:: Records for this task ::

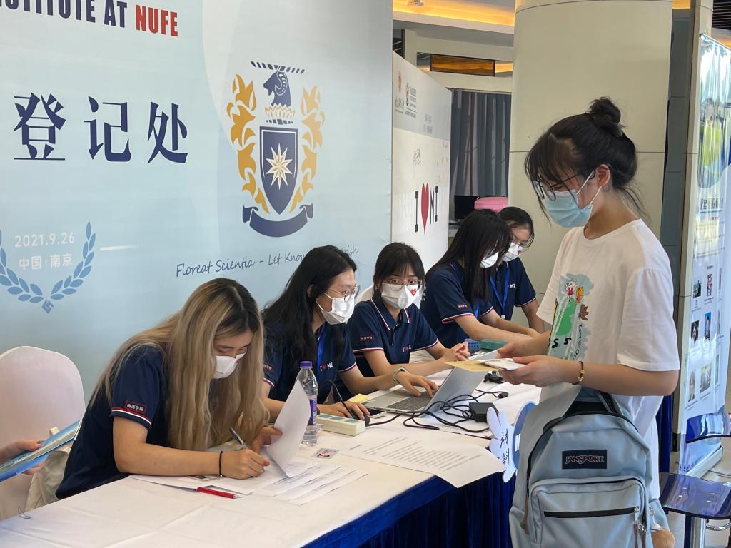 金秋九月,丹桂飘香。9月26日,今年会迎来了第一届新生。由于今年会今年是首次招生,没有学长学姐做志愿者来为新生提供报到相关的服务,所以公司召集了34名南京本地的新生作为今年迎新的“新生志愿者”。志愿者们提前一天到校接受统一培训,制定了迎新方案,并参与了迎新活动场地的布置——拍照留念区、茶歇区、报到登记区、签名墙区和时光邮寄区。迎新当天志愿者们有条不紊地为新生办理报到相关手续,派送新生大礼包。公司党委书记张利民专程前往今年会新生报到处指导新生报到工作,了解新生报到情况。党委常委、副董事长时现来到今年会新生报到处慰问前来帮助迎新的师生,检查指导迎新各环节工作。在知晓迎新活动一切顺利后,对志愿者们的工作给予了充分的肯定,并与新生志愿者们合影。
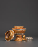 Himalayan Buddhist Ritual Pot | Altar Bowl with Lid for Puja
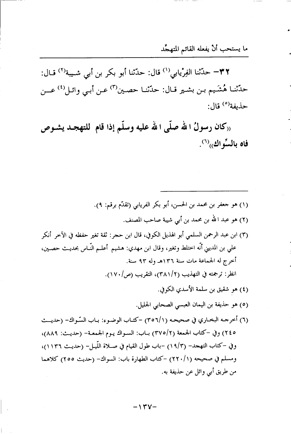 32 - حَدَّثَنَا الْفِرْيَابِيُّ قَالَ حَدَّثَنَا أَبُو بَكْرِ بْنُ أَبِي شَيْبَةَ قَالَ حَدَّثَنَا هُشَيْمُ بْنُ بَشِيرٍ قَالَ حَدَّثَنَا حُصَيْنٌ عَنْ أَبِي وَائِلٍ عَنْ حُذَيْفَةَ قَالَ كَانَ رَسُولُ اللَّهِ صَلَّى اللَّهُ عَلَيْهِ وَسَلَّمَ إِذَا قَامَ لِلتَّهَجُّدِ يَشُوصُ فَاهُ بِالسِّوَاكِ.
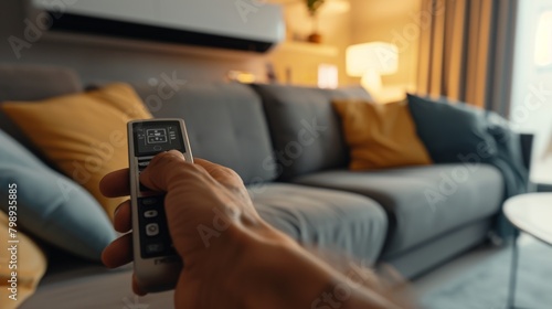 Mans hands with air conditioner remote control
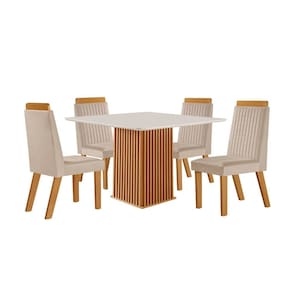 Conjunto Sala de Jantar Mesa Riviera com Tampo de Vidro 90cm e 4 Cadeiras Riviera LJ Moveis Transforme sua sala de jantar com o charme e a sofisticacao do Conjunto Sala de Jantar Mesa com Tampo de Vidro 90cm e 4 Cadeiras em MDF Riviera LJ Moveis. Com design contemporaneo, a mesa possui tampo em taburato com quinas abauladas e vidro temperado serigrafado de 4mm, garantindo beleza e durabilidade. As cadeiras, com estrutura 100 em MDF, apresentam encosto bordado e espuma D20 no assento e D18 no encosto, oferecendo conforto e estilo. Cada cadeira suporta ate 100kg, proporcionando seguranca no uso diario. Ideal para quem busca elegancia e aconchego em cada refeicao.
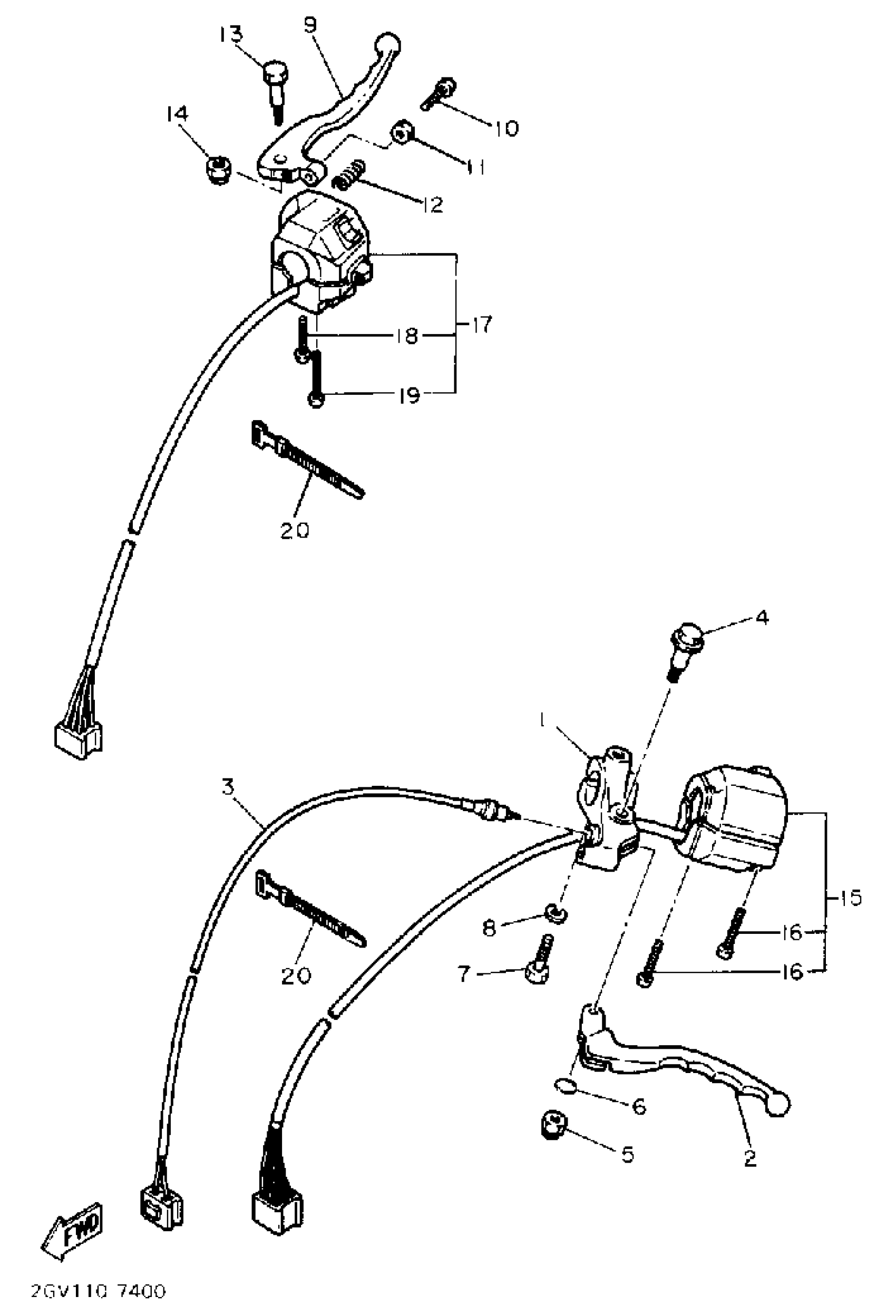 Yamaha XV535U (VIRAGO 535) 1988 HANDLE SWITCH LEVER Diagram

:::

**The task**
Your reply should repeat the entries above exactly, leaving the pictures out.

**Reply**
 金秋九月,丹桂飘香。9月26日,今年会迎来了第一届新生。由于今年会今年是首次招生,没有学长学姐做志愿者来为新生提供报到相关的服务,所以公司召集了34名南京本地的新生作为今年迎新的“新生志愿者”。志愿者们提前一天到校接受统一培训,制定了迎新方案,并参与了迎新活动场地的布置——拍照留念区、茶歇区、报到登记区、签名墙区和时光邮寄区。迎新当天志愿者们有条不紊地为新生办理报到相关手续,派送新生大礼包。公司党委书记张利民专程前往今年会新生报到处指导新生报到工作,了解新生报到情况。党委常委、副董事长时现来到今年会新生报到处慰问前来帮助迎新的师生,检查指导迎新各环节工作。在知晓迎新活动一切顺利后,对志愿者们的工作给予了充分的肯定,并与新生志愿者们合影。
 Himalayan Buddhist Ritual Pot | Altar Bowl with Lid for Puja
 32 - حَدَّثَنَا الْفِرْيَابِيُّ قَالَ حَدَّثَنَا أَبُو بَكْرِ بْنُ أَبِي شَيْبَةَ قَالَ حَدَّثَنَا هُشَيْمُ بْنُ بَشِيرٍ قَالَ حَدَّثَنَا حُصَيْنٌ عَنْ أَبِي وَائِلٍ عَنْ حُذَيْفَةَ قَالَ كَانَ رَسُولُ اللَّهِ صَلَّى اللَّهُ عَلَيْهِ وَسَلَّمَ إِذَا قَامَ لِلتَّهَجُّدِ يَشُوصُ فَاهُ بِالسِّوَاكِ.
 Mans hands with air conditioner remote control
 Conjunto Sala de Jantar Mesa Riviera com Tampo de Vidro 90cm e 4 Cadeiras Riviera LJ Moveis Transforme sua sala de jantar com o charme e a sofisticacao do Conjunto Sala de Jantar Mesa com Tampo de Vidro 90cm e 4 Cadeiras em MDF Riviera LJ Moveis. Com design contemporaneo, a mesa possui tampo em taburato com quinas abauladas e vidro temperado serigrafado de 4mm, garantindo beleza e durabilidade. As cadeiras, com estrutura 100 em MDF, apresentam encosto bordado e espuma D20 no assento e D18 no encosto, oferecendo conforto e estilo. Cada cadeira suporta ate 100kg, proporcionando seguranca no uso diario. Ideal para quem busca elegancia e aconchego em cada refeicao.
 Yamaha XV535U (VIRAGO 535) 1988 HANDLE SWITCH LEVER Diagram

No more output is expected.